B. Illegal Sentence Claim

The scope of post-conviction relief is limited. Rodgers v. State, 129 Idaho 720, 725, 932 P.2d 348, 353 (1997). A petition for post-conviction relief is not a substitute for an appeal. I.C. § 19-4901(b). A claim or issue which was or could have been raised on appeal may not be considered in post-conviction proceedings. Id.; Whitehawk v. State, 116 Idaho 831, 832-33, 780 P.2d 153, 154-55 (Ct. App. 1989). The principles of res judicata apply when a petitioner attempts to raise the same issues previously ruled upon on direct appeal in a subsequent petition for post-conviction relief. Knutsen v. State, 144 Idaho 433, 439, 163 P.3d 222, 228 (Ct. App. 2007).

Delgado contends that his conduct did not meet the elements of the crime for which he was sentenced. He further alleges that the district court considered a dismissed rape charge when sentencing him.
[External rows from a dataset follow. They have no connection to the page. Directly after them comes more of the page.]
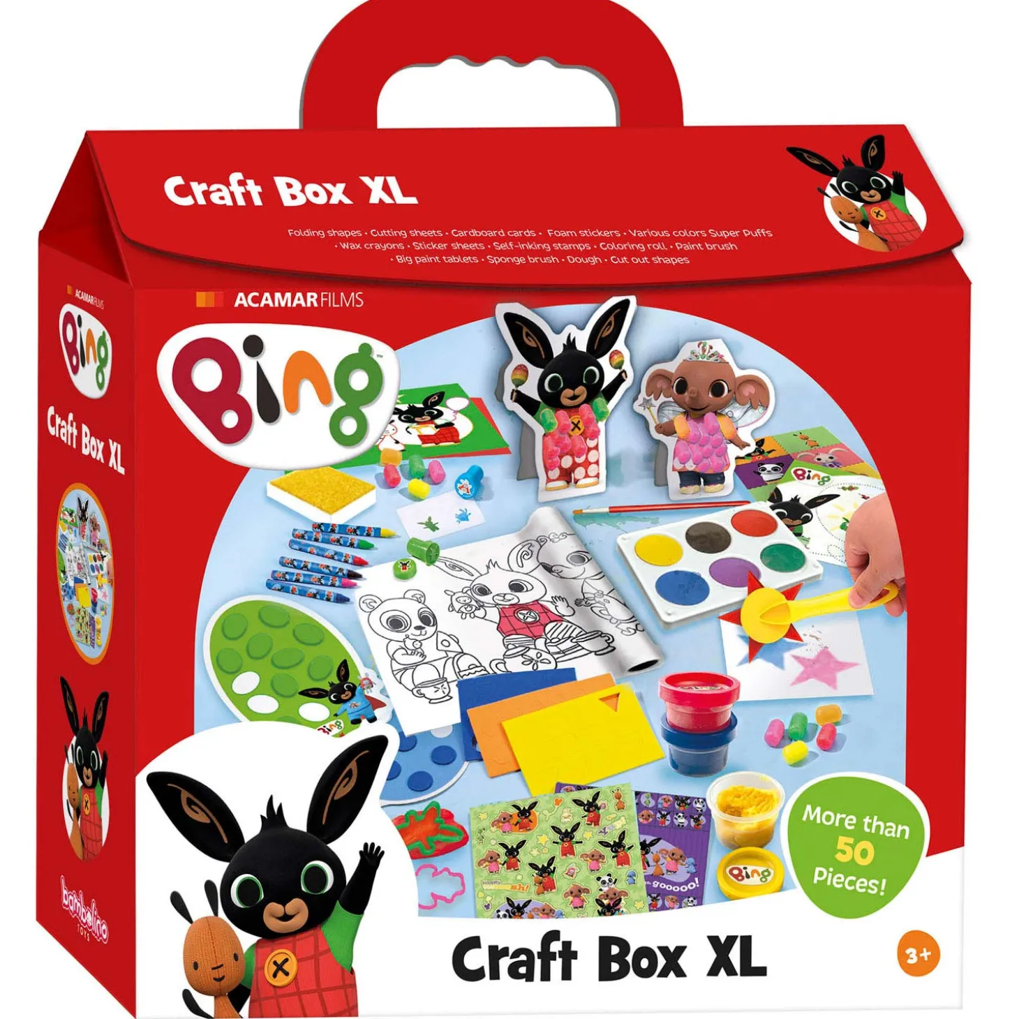 In deze knutselkoffer voor kinderen vind je onder andere neen kleurplaat, waskrijtjes, Bing-figuren met speelmaïs, stickers en klei met vormpjes. Kies jouw favoriete knutselmateriaal of probeer wat nieuws: er is meer dan genoeg keuze!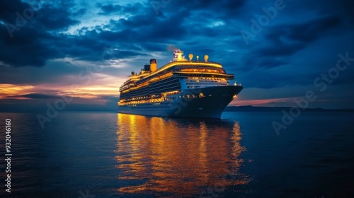 A Majestic Cruise Ship Gracefully Sailing into a Colorful Sunset Over Peaceful, Calm Waters
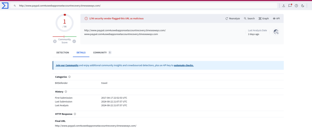 This confirms that the URL we discovered has also been reported in VirusTotal as associated with a phishing email.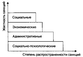 Если рабочий первый раз не выполнил задание, к нему применяют самый мягкий вид наказания — социально-психологические санкции. Это просто дружеское предупреждение, групповые формы воздействия. Когда работник систематически не выполняет возложенные на него обязанности, то его поступки квалифицируются как манкирование служебным долгом. К нарушителю применяют административное взыскание — это приказ директора, распоряжение мастера или начальника цеха, где работника официально предупреждают: продолжение подобных действий повлечет за собой более строгие санкции, пора одуматься. Если не действует и оно, наступает очередь для экономических санкций — работника штрафуют или переводят на нижеоплачиваемую должность. Наконец, для злостных нарушителей, действия которых равноценны молчаливому саботажу, существует высшая мера наказания — увольнение с предприятия. Она является социальной санкцией, так как переводит индивида из одного статуса в другой, т.е. из работающего в безработные.
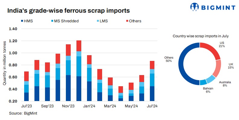 Light Melting Scrap (LMS): In July 2024, imports of LMS scrap showed a steady rise, climbing 6% m-o-m to 76,960 t from 72,553 t in June. This increase also marked a 27% y-o-y growth compared to 60,799 t imported in July 2023.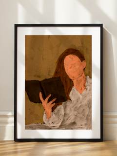 Dieses Bild zeigt eine Frau in einem weißen Kleid, die in ein Buch vertieft ist. Der Hintergrund ist in einem sanften Beige gehalten, was der Szene eine ruhige und kontemplative Atmosphäre verleiht. Die Gesichtszüge der Frau sind absichtlich weggelassen, was dem Betrachter Raum für Interpretation und Vorstellungskraft lässt. Diese Malerei fängt die stille Freude des Lesens ein und ist eine Hommage an die Welt der Bücher.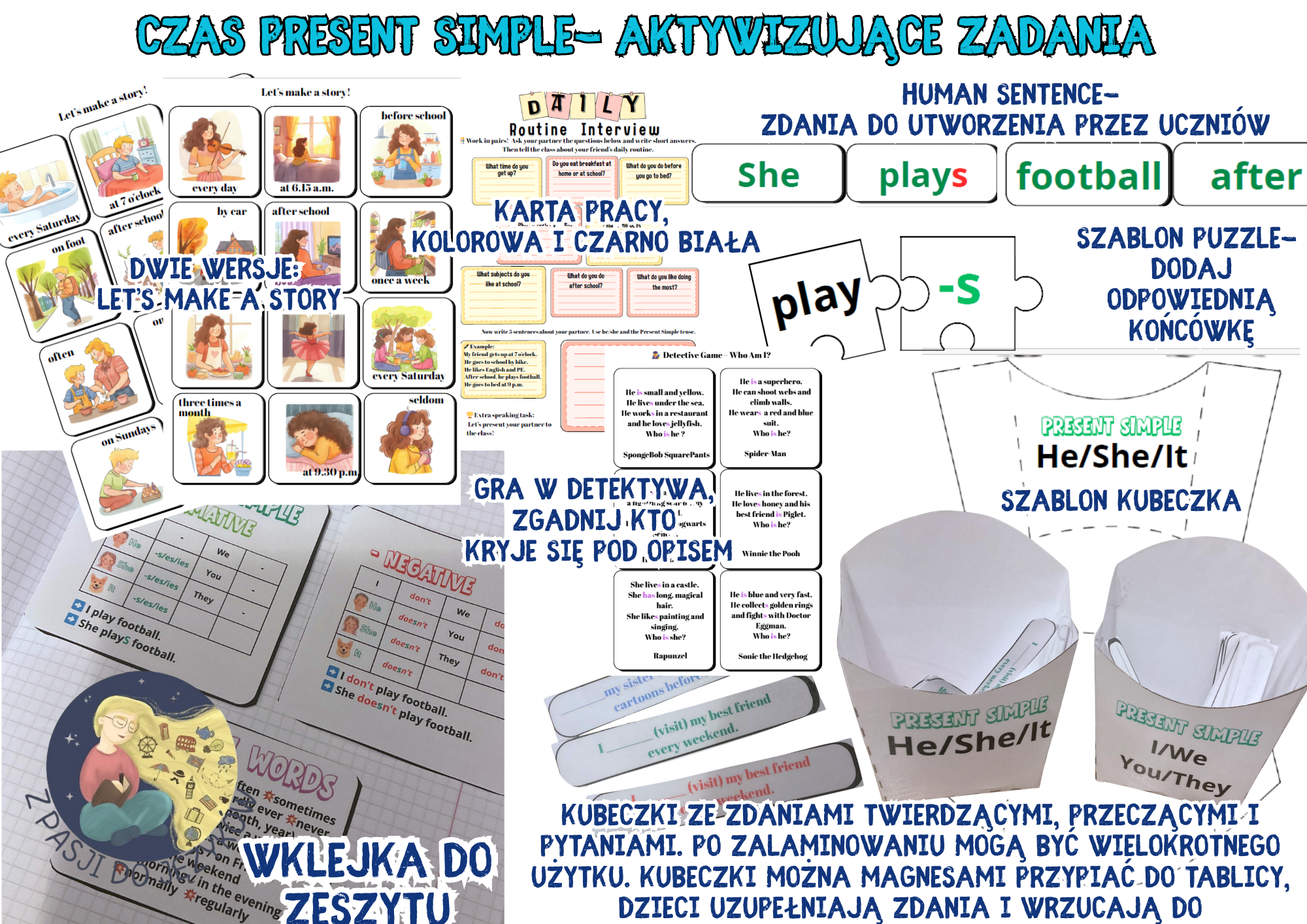 Zestaw pomocy do nauki czasu Present Simple dla klas 4-8 szkoły podstawowej.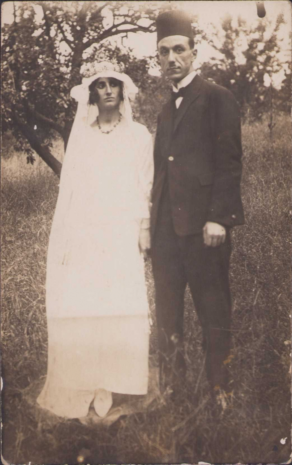 Düğün fotoğrafı, açık alanda poz veren gelin ve damat, fes ve şapka detaylı, 9x14cm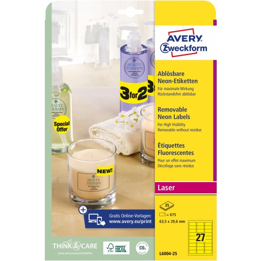 • Produkcja etykiet Avery Zweckform jest neutralna pod względem emisji CO2 (certyfikat Focus Future) i zgodna ze standardem ISO14001, który pomaga zminimalizować negatywne czynniki oddziałujące na środowisko naturalne.

However, the record demonstrates that this Court already determined these issues as a result of an appeal from Delgado's I.C.R. 35 motion. In that appeal, this Court determined that the sentencing court properly considered the circumstances and facts surrounding the kidnapping and properly determined that Delgado was sentenced for the kidnapping only, and not the dismissed rape charge. Therefore, res judicata applies and Delgado cannot reassert such claims in this post-conviction petition.

Delgado also contends, for the first time on appeal, that his sentence is illegal because the district court improperly amended his sentence to include an indeterminate life term. Generally, issues not raised below may not be considered for the first time on appeal. Yakovac, 145 Idaho at 446, 180 P.3d, at 485; Hughes v. State, 148 Idaho 448, 462, 224 P.3d 515, 529 (Ct. App. 2009). Delgado failed to raise this issue in his original post-conviction petition; therefore, it is improper.

III.

CONCLUSION

Delgado has failed to demonstrate that the district court erred in summarily dismissing his petition or denying his request for counsel. Therefore, the district court's order summarily dismissing Delgado's post-conviction petition and denying his request for appointment of counsel is affirmed.

Judge LANSING and Judge MELANSON CONCUR.